───── DATA FOR ANALYSIS

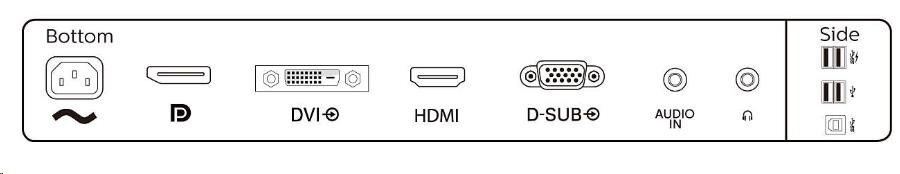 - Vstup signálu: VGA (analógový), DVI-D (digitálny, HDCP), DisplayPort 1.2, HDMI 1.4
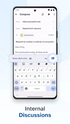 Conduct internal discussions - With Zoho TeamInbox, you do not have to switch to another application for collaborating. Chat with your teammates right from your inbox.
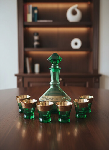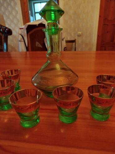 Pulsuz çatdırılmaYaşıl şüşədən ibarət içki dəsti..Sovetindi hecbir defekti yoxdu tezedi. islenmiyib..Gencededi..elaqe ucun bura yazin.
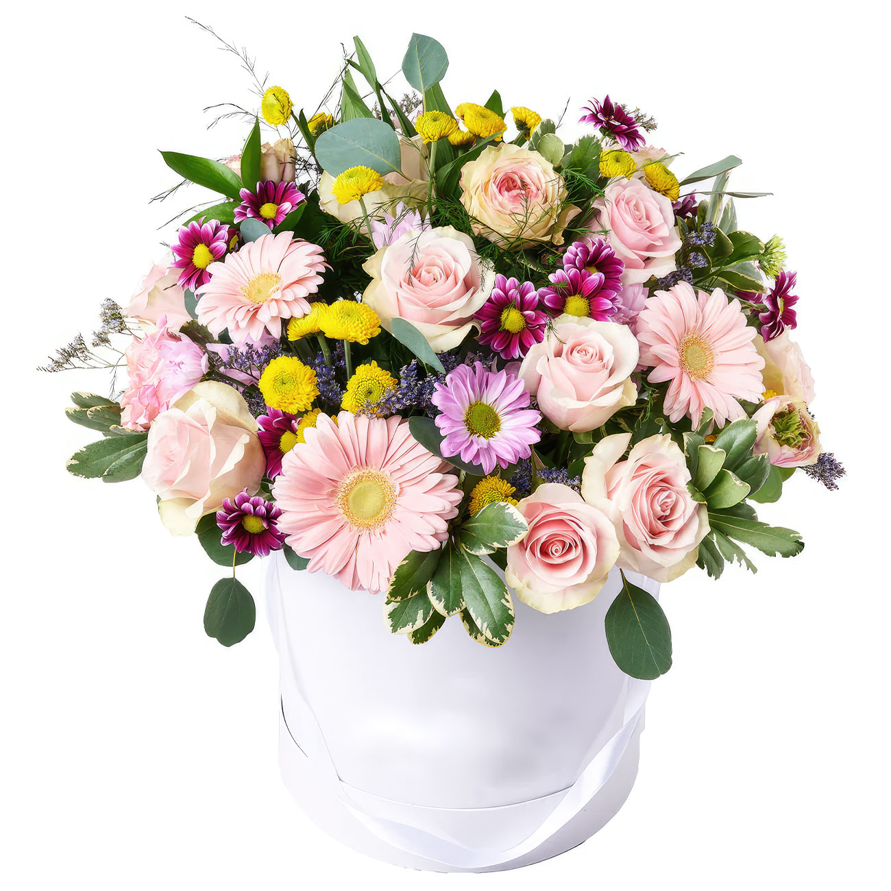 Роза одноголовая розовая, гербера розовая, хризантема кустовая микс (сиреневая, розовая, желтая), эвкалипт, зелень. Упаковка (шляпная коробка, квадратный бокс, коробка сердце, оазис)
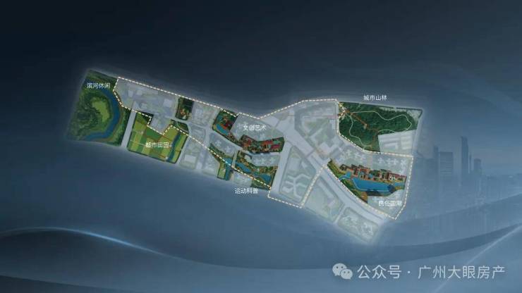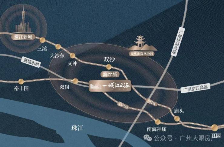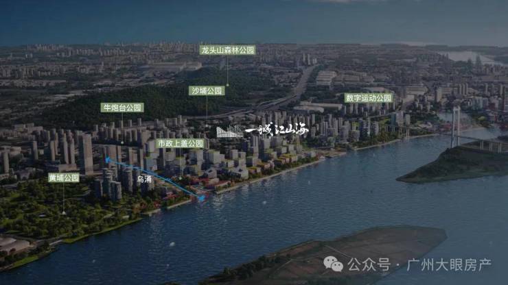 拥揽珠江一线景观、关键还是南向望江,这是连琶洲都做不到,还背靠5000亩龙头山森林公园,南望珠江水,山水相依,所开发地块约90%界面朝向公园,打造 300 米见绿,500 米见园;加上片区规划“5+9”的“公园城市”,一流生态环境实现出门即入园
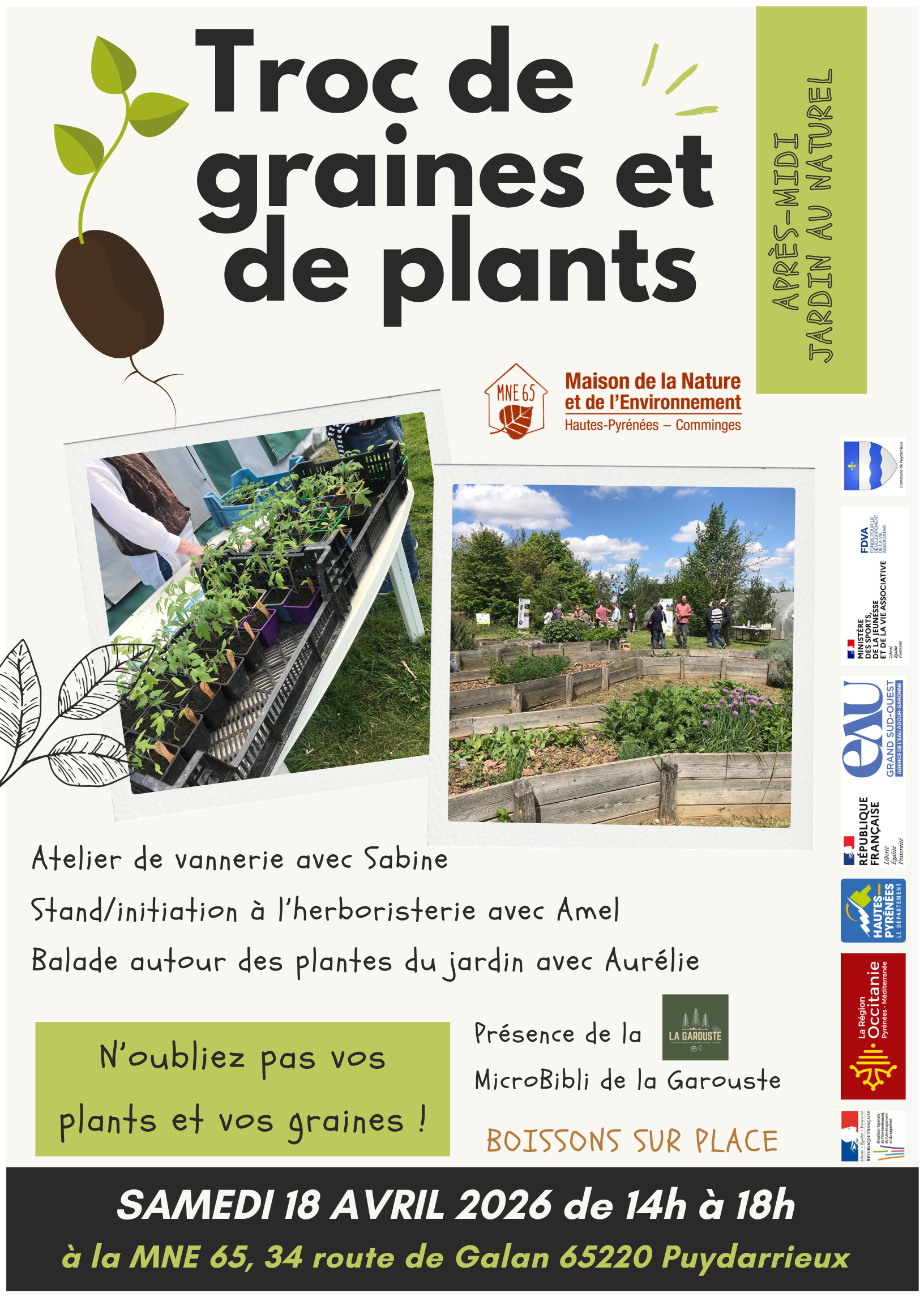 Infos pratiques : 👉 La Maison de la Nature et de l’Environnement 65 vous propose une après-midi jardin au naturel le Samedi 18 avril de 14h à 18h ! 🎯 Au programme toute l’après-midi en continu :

──────────

THE TASK:
Copy every record above exactly, leaving out any pictures.

ANSWER SPACE:
 - Vstup signálu: VGA (analógový), DVI-D (digitálny, HDCP), DisplayPort 1.2, HDMI 1.4
 Conduct internal discussions - With Zoho TeamInbox, you do not have to switch to another application for collaborating. Chat with your teammates right from your inbox.
 Pulsuz çatdırılmaYaşıl şüşədən ibarət içki dəsti..Sovetindi hecbir defekti yoxdu tezedi. islenmiyib..Gencededi..elaqe ucun bura yazin.
 Роза одноголовая розовая, гербера розовая, хризантема кустовая микс (сиреневая, розовая, желтая), эвкалипт, зелень. Упаковка (шляпная коробка, квадратный бокс, коробка сердце, оазис)
 拥揽珠江一线景观、关键还是南向望江,这是连琶洲都做不到,还背靠5000亩龙头山森林公园,南望珠江水,山水相依,所开发地块约90%界面朝向公园,打造 300 米见绿,500 米见园;加上片区规划“5+9”的“公园城市”,一流生态环境实现出门即入园
 Infos pratiques : 👉 La Maison de la Nature et de l’Environnement 65 vous propose une après-midi jardin au naturel le Samedi 18 avril de 14h à 18h ! 🎯 Au programme toute l’après-midi en continu :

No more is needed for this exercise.